Lubuskie. Pijany kierował ruchem na DK92. "Policjanci zatrzymali się na jego sygnał"
44-latek, kierujący ruchem na DK92 w okolicy miejscowości Boczów (woj. lubuskie) dał policjantom sygnał do zatrzymania. Mundurowi postanowili zbadać jego trzeźwość - okazało się, że mężczyzna miał w organizmie ponad promil alkoholu.
W godzinach porannych we wtorek 7 czerwca policjanci pełniący służbę na ruchliwej DK92 w pewnym momencie zatrzymali się na sygnał kierującego ruchem mężczyzny.
ZOBACZ: Dolnośląskie. 22-latek podejrzany o zabójstwo znajomego. Podpalił dom, by zatrzeć ślady
"Funkcjonariusze zauważyli jednak, że mężczyzna ma problem z utrzymaniem równowagi, co od razu wzbudziło ich podejrzenia" - podaje starszy sierżant Klaudia Biernacka z Komendy Powiatowej Policji w Sulęcinie.
Mundurowi postanowili potwierdzić swoje podejrzenia i przebadali 44-latka pod kątem trzeźwości. Okazało się, że mężczyzna miał w organizmie ponad promil alkoholu.
Droga o dużym natężeniu ruchu
Policjanci przypomnieli jednocześnie, że DK92 jest trasą o dużym natężeniu ruchu "przede wszystkim pojazdów ciężarowych"
"Nie ciężko jest wyobrazić sobie, co mogłoby się stać w sytuacji, gdy mężczyzna nadałby nieprawidłowy sygnał lub zrobiłby to zbyt późno" - komentuje Klaudia Biernacka.
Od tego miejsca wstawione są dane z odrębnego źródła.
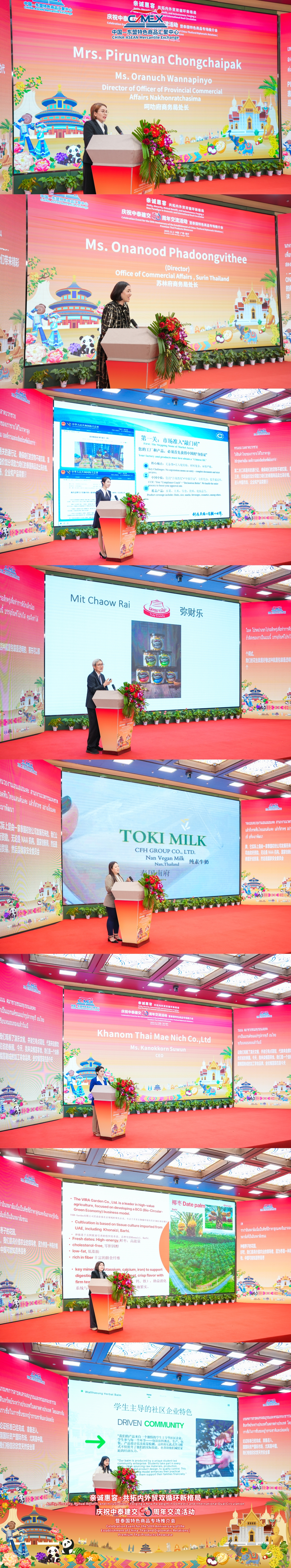 趙海燕董事長(zhǎng)在致辭中介紹,匯聚中心依托十八個(gè)獨(dú)具創(chuàng)新特色的沉浸式文化主題展館,以文化匯商家,以商貿(mào)聚合作,吸引了眾多國(guó)內(nèi)外政商團(tuán)體前來(lái)考察洽談,成為了外國(guó)商家進(jìn)入中國(guó)市場(chǎng)的首站以及中國(guó)商家拓展海外市場(chǎng)的窗口!同時(shí),目前正積極推進(jìn)建設(shè)的中國(guó)—東盟(南寧)水果交易中心,將重點(diǎn)服務(wù)中國(guó)與東盟之間的水果貿(mào)易。未來(lái),匯聚中心將與泰國(guó)商業(yè)部等相關(guān)部門攜手合作,融合泰國(guó)作為東盟重要的水果及農(nóng)產(chǎn)品出口國(guó)的優(yōu)勢(shì),通過(guò)AI技術(shù)賦能貿(mào)易創(chuàng)新合作,助力雙邊企業(yè)共同開(kāi)拓中國(guó)與東盟市場(chǎng)。

ZOBACZ: Kostrzyn. Mężczyzna wyrzucił psa przez okno na drugim piętrze
Mężczyzna został natychmiast odsunięty od kierowania ruchem, a w pracy zastąpił go trzeźwy kolega.
44-latek odpowie przed sądem, za "pełnienie w stanie nietrzeźwości czynności związanych z zapewnieniem bezpieczeństwa w ruchu" grozi mu do 5 lat pozbawienia wolności. Policjanci dodają, że najprawdopodobniej "straci również uprawnienia do regulacji ruchem".